Quadriceps-sparing technique comparable to medial parapatellar arthrotomy in TKA
Patients who underwent primary total knee arthroplasty with the quadriceps-sparing subvastus technique experienced no significant early functional advantages or differences in opioid utilization compared with the medial parapatellar arthrotomy technique, according to study results.
In the prospective, double-blind study, researchers randomly assigned 129 patients undergoing TKA to receive the quadriceps-sparing (QS) subvastus or medial parapatellar arthrotomy (MPPA) technique after skin incision. Minimally invasive surgery principles and standardized anesthesia, implants, analgesia and rehabilitation were used for all surgical procedures.

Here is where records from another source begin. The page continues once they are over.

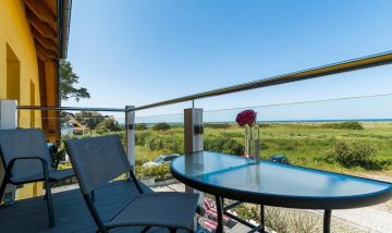 Der Außenbereich begeistert mit drei großzügigen Terrassen mit herrlichem Blick auf die Dünenlandschaft der Ostseeküste. Die hochwertige Ausstattung beinhaltet ausreichend Sonnenliegen, Sonnenschirme, gemütliche Gartenmöbel und moderne Bodenstrahler. Genieße hier dein Frühstück am Morgen oder relaxe tagsüber und am Abend mit einem Buch oder einem guten Glas Wein. Zum Ferienhaus gehören außerdem zwei PKW-Stellplätze. Ein weiteres Highlight ist der hauseigene Strandkorb, der dir vor allem in der warmen Jahreszeit ein schattiges Plätzchen auf der Terrasse bietet.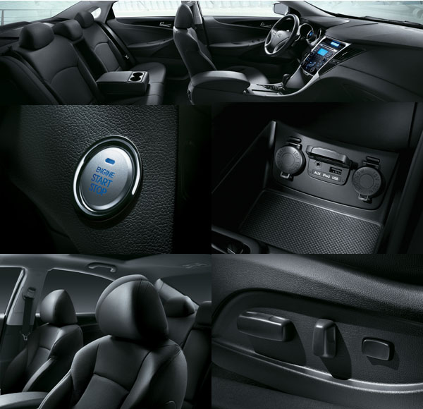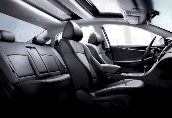 延續跑房車訴求,Sonata以黑色系真皮內裝,黑色鋼琴鏡面飾板,結合精緻軟質塑料,雙筒跑格儀表,全車系配置F1方向盤換檔撥片,整體座艙呈現科技藍調冷光,形成了以跑車設計為靈感的戰鬥座艙。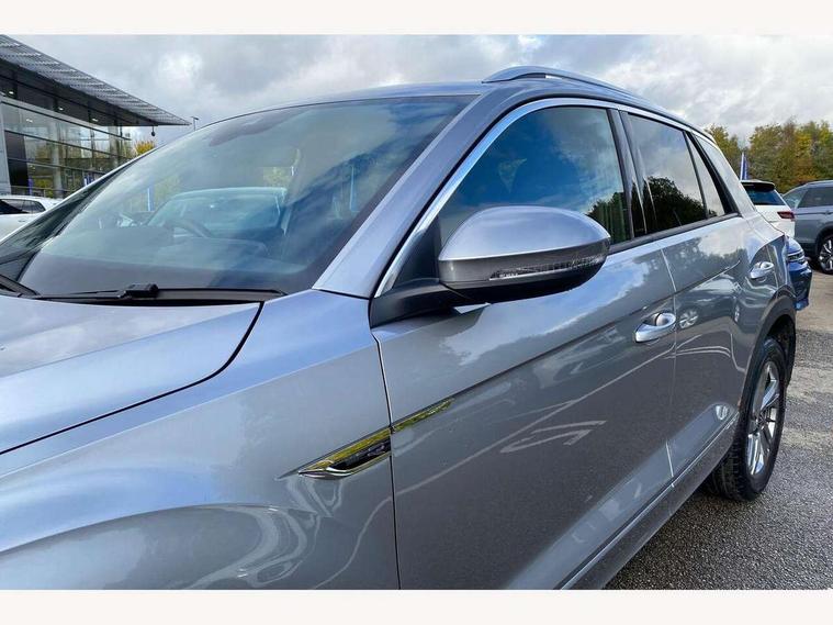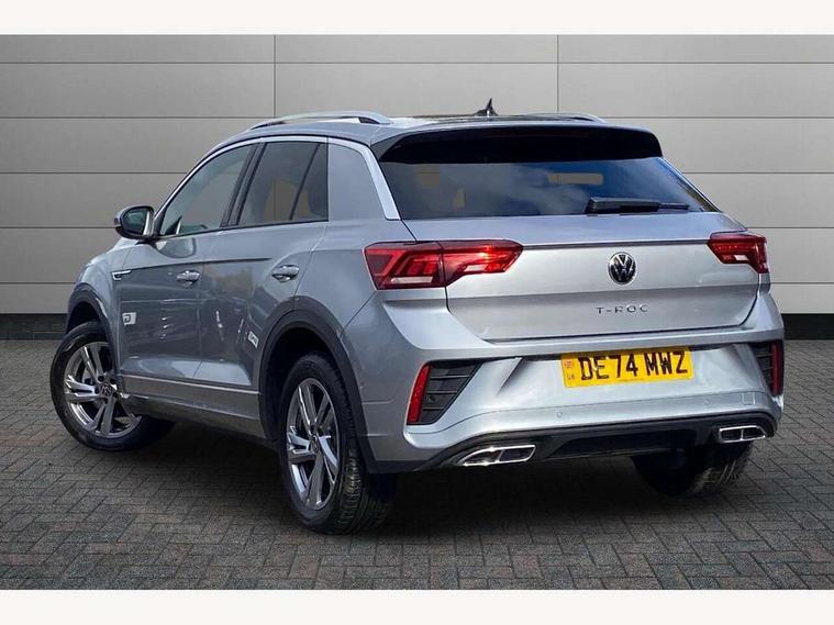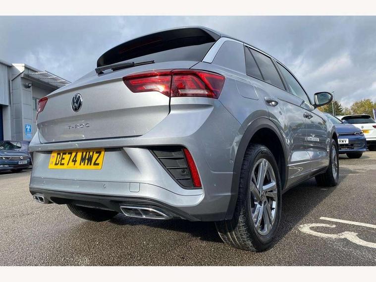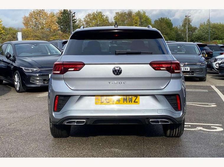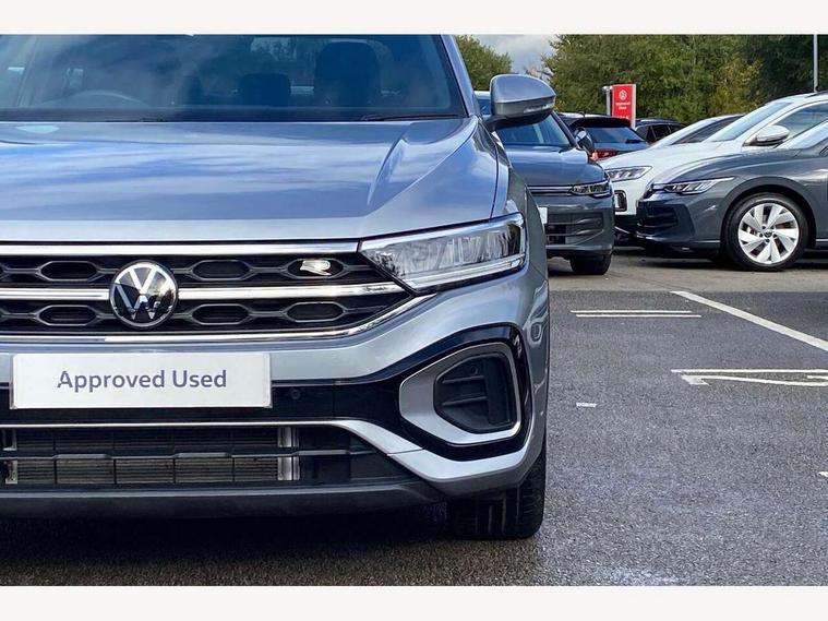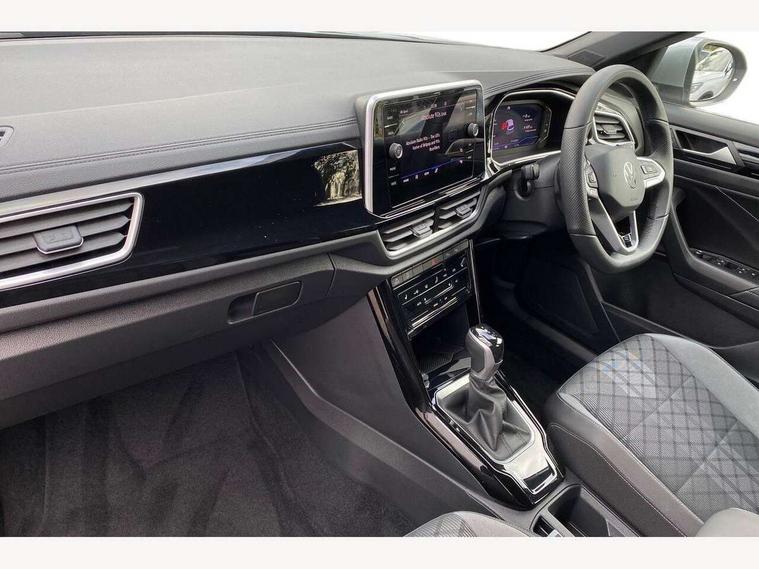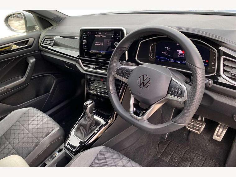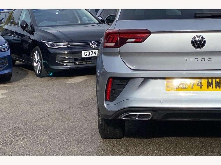 10.25" Digital cockpit pro, Advanced driver attention and drowsiness monitor, Dynamic road sign display, Emergency call service, Lane keeping system Lane Assist, Mobile phone interface, Modified key software - reduce switch off time for key status change to Long no motion, Online services, Park assist including front and rear parking sensors, Service interval indicator, Tailgate/trunk lid release from outside, Think blue trainer driver tips and journey analysis, Warning sound and light for front seatbelts unfastened, Wireless app connect, Battery regeneration during braking, Start/stop function with battery regeneration, DAB Digital radio, Diversity antenna for FM reception, Front and rear 6 speakers, Music playback - MP3, WMA and AAC files, Premium USB cable in choice of either Apple or Android smartphone compatibility, SD card slot, Simultaneous pairing of 2 compatible mobile devices, Title and cover art display, We Connect and We Connect Plus functionality, Auto dimming interior rear view mirror, Automatic hazard lights activation under emergency braking, Automatic headlight control with LED separate daytime running lights with coming/leaving home function, Body coloured exterior mirror housings and door handles, Electrically adjustable and heated door mirrors, Extended roof spoiler, Exterior mirrors aspherical on driver side, convex on front passenger side, External USB type C socket and charging sockets, Front windscreen wiper with intermittent wipe and 4 position delay, Heated rear window, LED 3rd brake light, LED rear combination lamps, LED rear number plate lights, Power windows with comfort operation and circuit breaker, Privacy glass for rear side windows and rear window, R-Line design body coloured bumpers, Rain sensor, Rear exhaust tailpipe, Rear fog light on one side and reversing lights on both sides, Rear side wing doors, Rear wash/wipe with intermittent wipe setting, Remote electrically foldable door mirrors, puddle lights and reverse activated passenger's door mirror, 12V power socket in centre console, 3 rear head restraints, 3 seat bench in 2nd row, 4 load lashing points in luggage compartment, Air care climatronic air conditoning system with active combination filter and 2-zone temperature control, Black roof lining, Chrome plated decorative trims, Chrome plated radiator grille inserts, air vent surrounds and light switch surrounds, Door and side trim panel with leatherette insert, Front + rear carpet mats, Front centre armrest, Front cupholders x 2, Front footwell illumination, Front reading light, Front scuff plates with R Line logo, Front seat back storage pockets, Glove compartment door with light, Instrument lighting, white adjustable panel illumination, Interior ambient lighting and surround lighting, Interior light delay, Isofix child seat preparation, Leather gearshift handle, Load-through provision with cup holder when folded down ('Unsplit rear seat bench, split folding backrest, with centre armrest), Luggage compartment lighting, Single front passenger seat, Stainless steel pedals, Storage compartment in left and right luggage area, Storage compartment in rear doors, Storage compartments in driver and front passenger doors, Sunvisors with illuminated vanity mirrors, Variable boot floor, height adjustable and removable, Driver assistance pack without proactive passenger protection - T-Roc, 3 point height adj front seatbelts + pretensioners, 3 point seatbelts in outer rear with ECE label, ABS, Child locks on rear doors, City emergency braking and pedestrian monitoring, Driver and front passenger airbag with front passenger airbag deactivation, Driver and front passenger safety-optimised head restraints, Drivers seatbelt reminder, Electronic parking brake, Electronic Stability Control (ESC) inc EDL (Electronic Differential Lock) and ASR (Traction Control), Front and rear passengers curtain airbag system including front side airbags, Hill start assist, Predictive pedestrian protection, Rear disc brakes, Two tone horn, Tyre pressure loss indicator, Volkswagen roadside assistance, Piano black decorative inserts in dashboard and front door trim panels, Trims for alloy wheels,

The researchers obtained the Knee Society score at baseline and at 1 and 3 months after surgery. Through weekly telephone interviews, the researchers also collected patient-reported outcomes, including ambulatory device use, the University of California Los Angeles activity score, performance of daily living activities and opioid utilization.
The researchers found no differences between groups in opioid utilization, either during the acute hospitalization or during the 8 weeks after surgery. Patients who underwent QS experienced significantly less pain at rest on postoperative day 1 and with activity on day 3.
Knee Society scores improved significantly in both groups at 1 month and 3 months compared with baseline. Additionally, week-to-week gains in walking independence through 5 weeks after surgery improved significantly compared with baseline, according to the researchers.
Both groups also experienced a lag in independence from ambulatory devices outside the home vs. independence indoors by about 2 weeks.
Disclosure: Kantor is a consultant for DePuy Orthopaedics.